Полная версия
К вечеру квартира стала похожа на декорацию после артобстрела. Все было продырявлено, искалечено, истыкано.
Я стоял среди этого месива, пьяный, белый от пыли, с никотиновой горечью во рту, и думал только об одном: теперь его тишина стала абсолютной.
День семнадцатый
Скука.
Не обычная, бытовая, когда нечем заняться, а чудовищная, звенящая, почти физическая. Она высасывала из меня мысли. Я лежал на полу среди пустых бутылок, курил кальян, украденный из табачной лавки, и смотрел в потолок.
И вдруг мне захотелось женщины.
Живой, теплой, настоящей — хоть какой-нибудь.
Мысль была настолько нелепой, что я сначала расхохотался, а потом встал и пошел в ванную приводить себя в порядок.
Почистил зубы до крови в деснах, пригладил волосы, натянул лучший костюм из разоренного бутика и, глядя на свое отражение, объявил:
— Сегодня у нас особый вечер, дорогой. Мы идем на свидание.
В супермаркете я выбрал самую дорогую бутылку игристого.
— Сдачи не надо, — бросил я воображаемому кассиру.
В парфюмерном отделе устроил полноценный спектакль:
— Молодой человек, вам безусловно подойдет вот этот аромат. Бергамот, кожа и немного древесины.
— Вы считаете?
— Уверяю вас. Женщины будут ваши.
— Тогда беру.
В аптеке прихватил виагру и тут же запил таблетку теплым вином.

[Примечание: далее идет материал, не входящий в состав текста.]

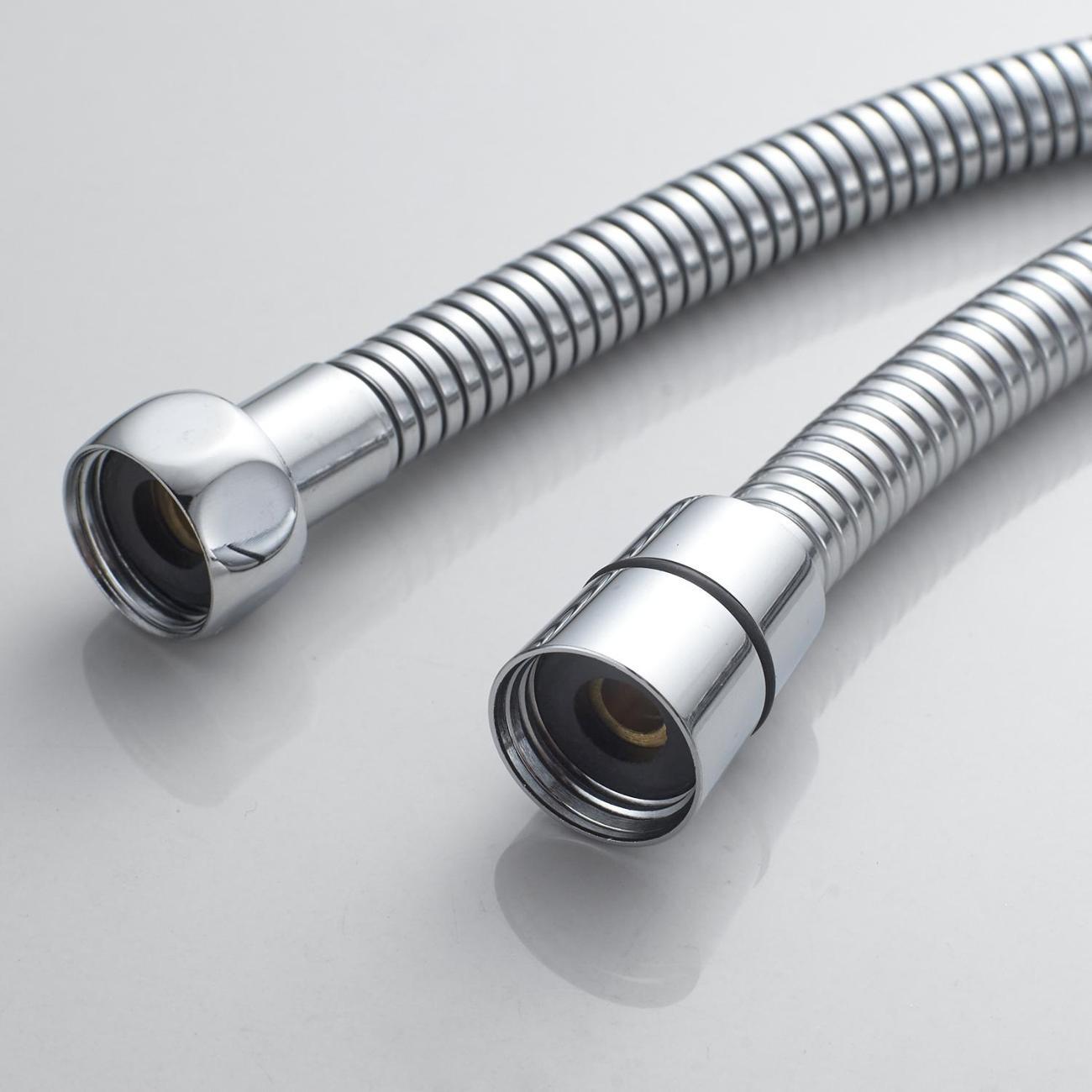 Прочность и гибкость системы обеспечивает душевой шланг в двойной металлической оплётке длиной 150 см.

А потом зашел в магазин для взрослых.
Среди латекса, розовых коробок и искусственных улыбок на упаковках я нашел ее. Надувную куклу. Почти идеальную в своем безмолвии. Пока я надувал ее, у меня чуть не лопнули легкие. Но когда закончил, почему-то почувствовал нежность.
Вечер мы провели на крыше.
Я заранее натаскал туда меховые куртки из бутика, старые ящики и сухие ветки. В центре крыши ревел костер. Ветер разносил искры. Оранжевый свет прыгал по нашим телам, делая ее виниловую кожу почти живой.
Я прижимал ее к себе, говорил всякую чушь — о море, о будущем, о том, что нам повезло остаться вдвоем. Я видел в нарисованных глазах то, чего никогда не получал от настоящих женщин: абсолютное, пустое, безопасное внимание.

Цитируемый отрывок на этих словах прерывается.